The ground or the walls in some levels are undiggable. These include the walls of Sokoban, the ground at the bottom of several dungeon branches, walls of the Castle and the Wizard's Tower, and the like. If the floor is undiggable, digging downwards can create a pit but not a hole. The walls of Gehennom are diggable, but the wand and the spell only dig one wall per casting.
You can dig up rocks, boulders, and statues with a pick-axe or a dwarvish mattock, and chop down non-petrified trees with an axe. The spell and wand of digging instantly generate results and completely bypass this discussion.
Each turn you dig, you generate
9 + d5 + enchantment - erosion + strength & dexterity bonuses + ring of increase damage bonus
points of digging effort. This is doubled if you are a starting race dwarf. The strength & dexterity bonuses are the same as for weapons to-hit adjustment. The pick-axe skill does not play a role.
|Terrain type||Digging effort needed||Examples: expected turns|
|STR=11, DEX=11||and thoroughly rusty||STR=18, DEX=18||and +3 mattock|
|through an existing pit||251||21.4||28.3||15.2||13.0|
|other floor, fountain, sink, any non-pit trap||51||4.8||6.1||3.4||3.0|
|statue, boulder, wall, solid rock, (secret) door; chop down tree||101||8.9||11.7||6.3||5.6|
There is no speed difference between a pick-axe and a mattock; however, mattocks are heavier, two-handed, and can be generated enchanted.
Shop doors and walls will cause the warning message "This door/wall seems too hard to dig." to interrupt you, but will not take any longer to destroy if you persist.
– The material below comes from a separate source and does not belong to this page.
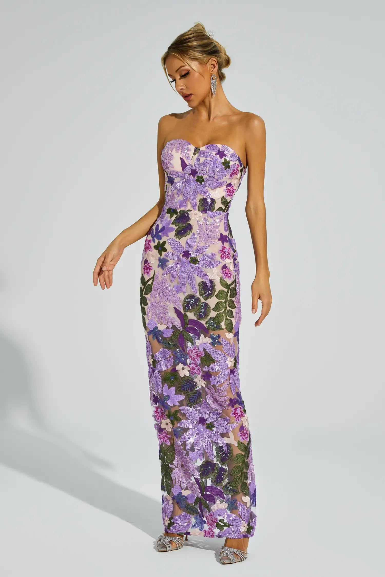 Leanna Yeşil Çiçek İşlemeli Uzun Elbise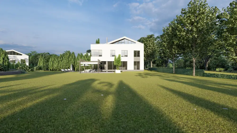 The OASIS Lakeside Villas Ammersee are located on Stegener Berg, Inning's prime location on the high shore of Lake Ammersee, with a panoramic view of the surrounding nature. The individual villas are embedded in a spacious park, framed by sophisticated garden and pool landscapes. The nine designer villas are being built in the middle of this magnificent nature. The clear cubist design language brings design and aesthetics into harmony without sacrificing family-friendly floor plans. The large glass fronts create an almost limitless feeling of space in the light-flooded living rooms. The equipment is technically and energetically of the highest standard and of skilful elegance. House C offers a fantastic roof terrace from which you can enjoy the sunsets until late into the evening and, for car lovers, its own underground car park with up to eight parking spaces. Anyone who dreams of living in the middle of a building ensemble with high standards of modern architecture and security will find their home in this unique gated community. OASIS Lakeside Villas Ammersee: a self-contained and beautiful complex in magnificent nature. We are brokering this property in cooperation with upmarket properties Christian Ehbauer.

Digging through the walls or door is costly, but the floor is free. Shopkeepers have a rough idea how long this takes and will move to prevent theft.
Special cases: Fumbling causes bad effects instead (33% chance). Digging down on an altar is impossible, but would incur the god's wrath and anger any tending priest. On the Plane of Earth, earth elementals can form, and your passage may collape.
Digging monsters are not covered in this discussion.
You can escape by digging downwards and making a hole. You will generally need a one-turn method to dig, such as a wand or spell. Remember that this will deepen your dungeon level, and you might find yourself in a worse position. Monsters will also use this escape technique when they possess a wand of digging, which can be aggravating.
You must cross solid rock to access the portal on the Plane of Earth. Digging is usually the most convenient method. Fortunately, several digging methods are provided for you on the plane itself, although it pays to go prepared.
It is frequently convenient to dig through the walls of mazes, to make shortcuts between the stairs and minimize the chances that the Wizard of Yendor will show up when you're racing to the upstairs. Similar shortcuts can also make it more feasible to carry sacrifices to altars from adjacent levels.
You can identify undiggable levels by attempting to make a hole by digging. If you can't make more than a pit, it is an undiggable level. This is particularly useful for identifying the deepest level of Gehennom, where the vibrating square is located; this level otherwise looks like another level of Gehennom. If you don't want to move deeper when the level is diggable, you can levitate and zap a wand of digging downward.